ABOUT THIS EXERCISE:
Leave every image out, and return the rest of the data word for word.

DATASET EXCERPT:
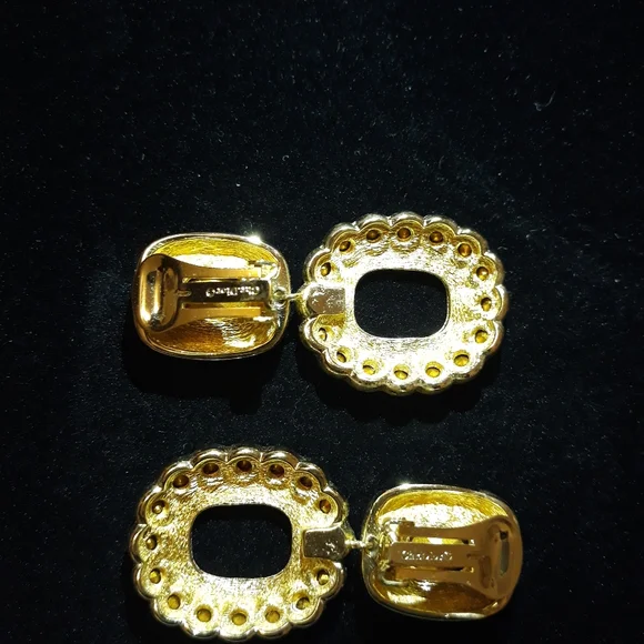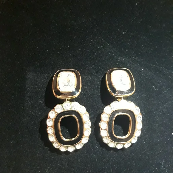 Christian Dior Clip Glamorous Oversized Runway Black Enamel with Crystal´s Earrings. @2"
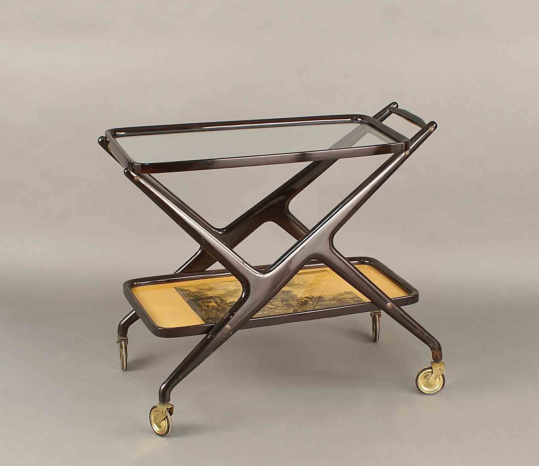 Carrello portavivande in legno a due ripiani di cui uno decorato con una stampa raffigurante un paesaggio francese, provvisto di rotelle, anni '50, cm. 71x84x41.
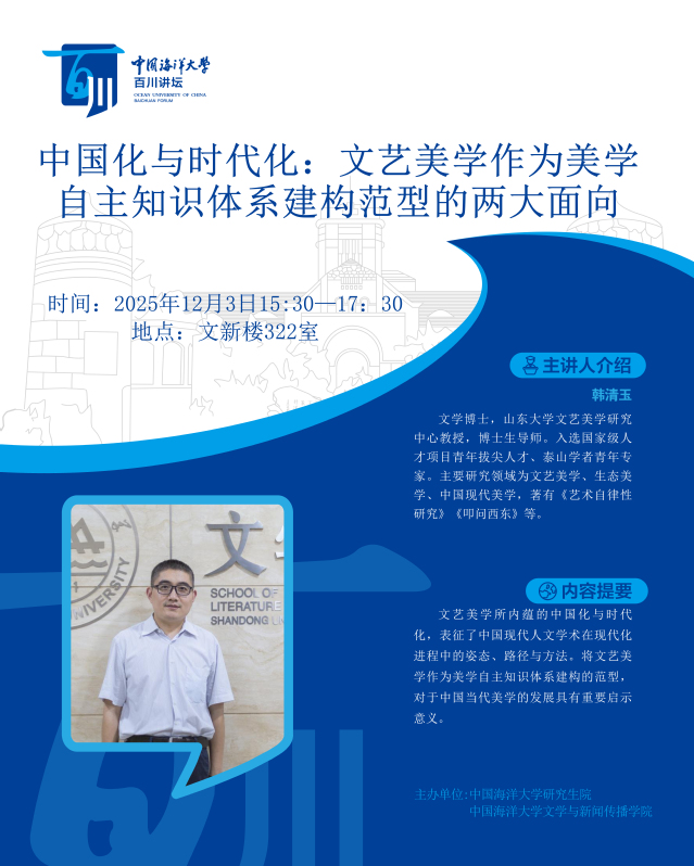 研究生百川讲坛 | 第574讲 韩清玉:中国化与时代化:文艺美学作为美学自主知识体系建构范型的两大面向

SOLUTION TO THE PROBLEM:
 Christian Dior Clip Glamorous Oversized Runway Black Enamel with Crystal´s Earrings. @2"
 Carrello portavivande in legno a due ripiani di cui uno decorato con una stampa raffigurante un paesaggio francese, provvisto di rotelle, anni '50, cm. 71x84x41.
 研究生百川讲坛 | 第574讲 韩清玉:中国化与时代化:文艺美学作为美学自主知识体系建构范型的两大面向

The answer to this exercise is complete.